Жербер почувствовал себя успокоенным, но ему очень хотелось бы понять, кем в действительности была Пажес для Лабруса. Он дорожил ею из любви к Франсуазе? Или что? Никогда он не осмелился бы его об этом спросить; Жербер бывал очень доволен, если Лабрус случайно хоть немного открывал ему свою душу, но самому спрашивать его о чем-то не следовало.
Лабрус остановил такси.
– Что вы скажете о том, чтобы поужинать в «Ла Грий»? – спросила Франсуаза.
– Было бы отлично, – отозвался Жербер. – Может, опять будет окорок с красной фасолью. – Он вдруг заметил, что проголодался, и ударил себя по лбу. – Ах! Я знал, что о чем-то забыл.
– О чем же? – спросил Лабрус.
– Пообедать. Я забыл съесть мясо, как глупо.
Такси остановилось перед маленьким рестораном; решетка с толстыми прутьями защищала стекла витрины; внутри, справа от входа, находилась цинковая стойка с множеством заманчивых бутылок. В зале было пусто. Только за одним из мраморных столиков ужинали с повязанными вокруг шеи салфетками хозяин и кассирша.
– Ах! – воскликнул Жербер, хлопнув себя по лбу.
– Вы меня напугали, – сказала Франсуаза. – О чем вы еще забыли?
– Я забыл сказать вам, что спустился сейчас по лестнице за тридцать секунд.
– Лжете, – отозвался Лабрус.
– Я был уверен, что вы не пожелаете мне поверить, – ответил Жербер. – Ровно тридцать секунд.
– Вы сделаете это у меня на глазах, – сказал Лабрус. – Зато на лестницах Монмартра я здорово обогнал вас.
– Я тогда просто поскользнулся, – возразил Жербер. Он взял меню: ветчина с красной фасолью имелась.
– Здесь пустовато, – заметила Франсуаза.
– Еще слишком рано, – сказал Лабрус, – к тому же ты знаешь, что люди прячутся по домам, когда что-то случается. И сегодня вечером мы будем играть перед десятком зрителей.
Он заказал яйца под майонезом и с маниакальным видом растирал желток в соусе. Он называл это «делать салат “мимоза”».

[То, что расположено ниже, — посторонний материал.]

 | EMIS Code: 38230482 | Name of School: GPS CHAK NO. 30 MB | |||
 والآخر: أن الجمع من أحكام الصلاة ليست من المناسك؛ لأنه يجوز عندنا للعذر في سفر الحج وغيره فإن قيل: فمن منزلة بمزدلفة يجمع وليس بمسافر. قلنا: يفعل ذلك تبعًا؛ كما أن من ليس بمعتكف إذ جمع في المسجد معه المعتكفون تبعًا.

– Я предпочитаю, чтобы это раз и навсегда решилось, – сказал Жербер. – Что за жизнь – каждый день говорить себе: это случится завтра.

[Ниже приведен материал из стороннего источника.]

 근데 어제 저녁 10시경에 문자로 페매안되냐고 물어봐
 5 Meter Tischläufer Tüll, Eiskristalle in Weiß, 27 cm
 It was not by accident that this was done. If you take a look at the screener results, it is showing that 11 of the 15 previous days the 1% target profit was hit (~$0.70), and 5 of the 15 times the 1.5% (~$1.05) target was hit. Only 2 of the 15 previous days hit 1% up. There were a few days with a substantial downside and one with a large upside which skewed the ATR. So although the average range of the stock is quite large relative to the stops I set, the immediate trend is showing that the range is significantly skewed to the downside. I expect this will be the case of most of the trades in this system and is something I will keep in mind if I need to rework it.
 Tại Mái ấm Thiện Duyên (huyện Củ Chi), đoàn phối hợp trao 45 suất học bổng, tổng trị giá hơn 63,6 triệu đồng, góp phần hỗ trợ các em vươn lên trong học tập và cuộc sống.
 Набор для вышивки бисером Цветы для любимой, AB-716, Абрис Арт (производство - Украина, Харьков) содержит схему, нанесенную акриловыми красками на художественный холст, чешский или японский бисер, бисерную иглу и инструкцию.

– И все-таки это выигранное время, – заметила Франсуаза.
– То же самое говорили во время Мюнхена, – сказал Лабрус, – но я полагаю, что это была глупость. Оттяжка ничего не дает. – Он взял стоявшую на столе бутылку божоле и наполнил стаканы. – Нет, такие увертки не могут продолжаться до бесконечности.
– А почему бы и нет, в конце-то концов, – заметил Жербер.
Франсуаза заколебалась.
– Разве не лучше все что угодно, только бы не война, – сказала она.
Лабрус пожал плечами.
– Я не знаю.
– Если здесь станет совсем уж скверно, вы могли бы сбежать в Америку, – сказал Жербер. – Вас наверняка там примут, вы уже известны.
– И что я там буду делать? – спросил Лабрус.
– Я думаю, что многие американцы говорят по-французски. И потом, ты выучишь английский, поставишь свои пьесы на английском, – сказала Франсуаза.
– Мне это будет совсем неинтересно, – отвечал Лабрус. – Какой смысл может иметь для меня работа в изгнании? Чтобы стремиться оставить след в мире, надо быть солидарным с ним.
– Америка – это тоже мир, – возразила Франсуаза.
– Но он не мой.
– Он станет таким в тот день, когда ты примешь его.
Лабрус покачал головой.
– Ты говоришь, как Ксавьер. Но я не могу, я слишком вовлечен в этот.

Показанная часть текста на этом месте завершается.